Fundamental ideas and mathematical basis of ontology learning algorithm

A Semi-Automatic Semantic Consistency-Checking Method for Learning Ontology from Relational Database

To tackle the issues of semantic collision and inconsistencies between ontologies and the original data model while learning ontology from relational database (RDB), a semi-automatic semantic consistency checking method based on graph intermediate representation and model checking is presented. Initially, the W-Graph, as an intermediate model between databases and ontologies, was utilized to formalize the semantic correspondences between databases and ontologies, which were then transformed into the Kripke structure and eventually encoded with the SMV program. Meanwhile, description logics (DLs) were employed to formalize the semantic specifications of the learned ontologies, since the OWL DL showed good semantic compatibility and the DLs presented an excellent expressivity. Thereafter, the specifications were converted into a computer tree logic (CTL) formula to improve machine readability. Furthermore, the task of checking semantic consistency could be converted into a global model checking problem that could be solved automatically by the symbolic model checker. Moreover, an example is given to demonstrate the specific process of formalizing and checking the semantic consistency between learned ontologies and RDB, and a verification experiment was conducted to verify the feasibility of the presented method.
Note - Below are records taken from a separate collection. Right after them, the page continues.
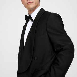 A tuxedo as special as the occasions it’ll see. Note: the Italian wool barathea fabric, the shawl lapel, and the double-breasted front (so it formal).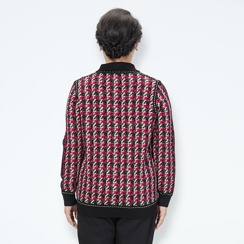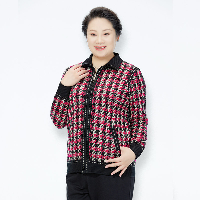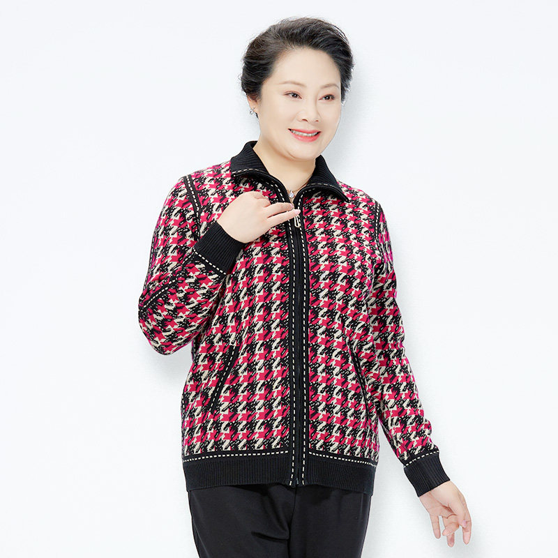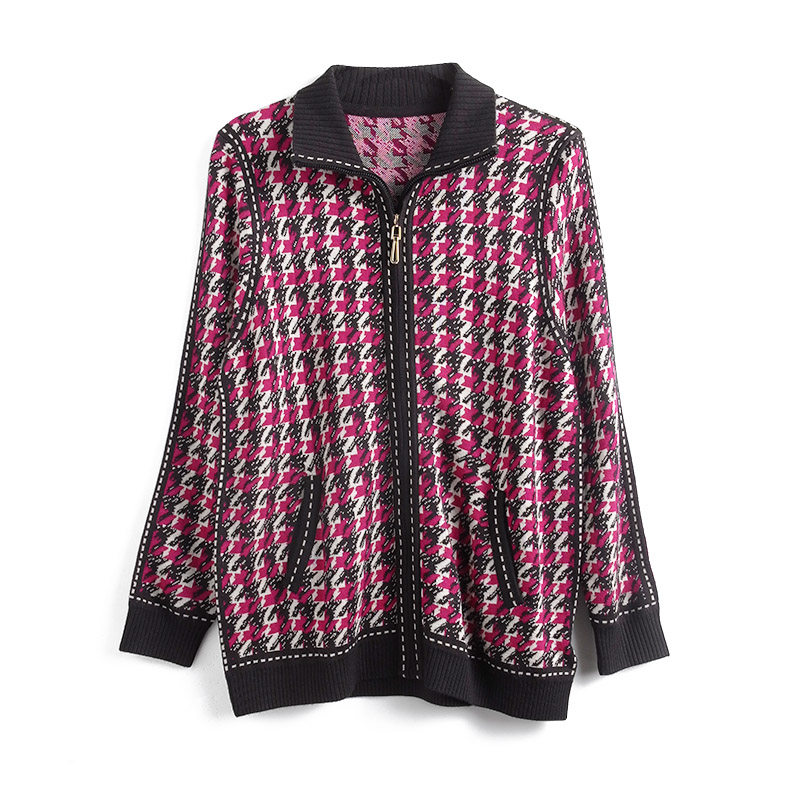 胖太太大码女装秋冬新品时尚千鸟格休闲立领针织外套623304410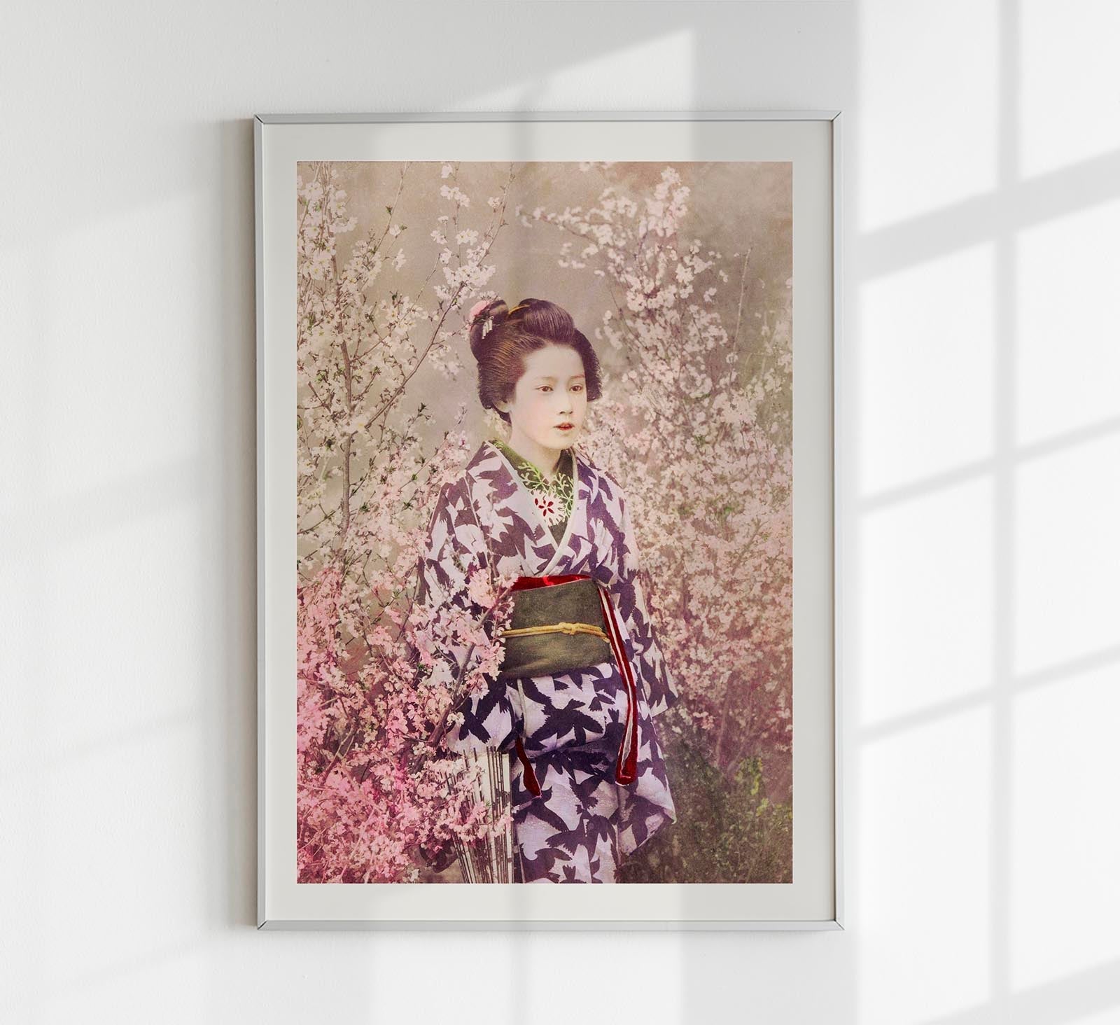 Als Fine Art Print mit optionaler Canvas-Variante überträgt das Motiv die subtile Kolorierung und den leicht nostalgischen Charakter der Originalaufnahme in hochwertige Wandkunst. Die Kombination aus Geisha-Porträt und Sakura-Blüte schafft eine ruhige, poetische Bildwirkung, die besonders in fein gestalteten Wohn- und Ruhebereichen wirkt.

The results showed that the presented method could correctly check and identify the different kinds of inconsistencies between learned ontologies and its original data model.

Graph Learning-Based Ontology Sparse Vector Computing

The ontology sparse vector learning algorithm is essentially a dimensionality reduction trick, i.e., the key components in the p-dimensional vector are taken out, and the remaining components are set to zero, so as to obtain the key information in a certain ontology application background. In the early stage of ontology data processing, the goal of the algorithm is to find the location of key components through the learning of some ontology sample points, if the relevant concepts and structure information of each ontology vertex with p-dimensional vectors are expressed. The ontology sparse vector itself contains a certain structure, such as the symmetry between components and the binding relationship between certain components, and the algorithm can also be used to dig out the correlation and decisive components between the components. In this paper, the graph structure is used to express these components and their interrelationships, and the optimal solution is obtained by using spectral graph theory and graph optimization techniques. The essence of the proposed ontology learning algorithm is to find the decisive vertices in the graph Gβ. Finally, two experiments show that the given ontology learning algorithm is effective in similarity calculation and ontology mapping in some specific engineering fields.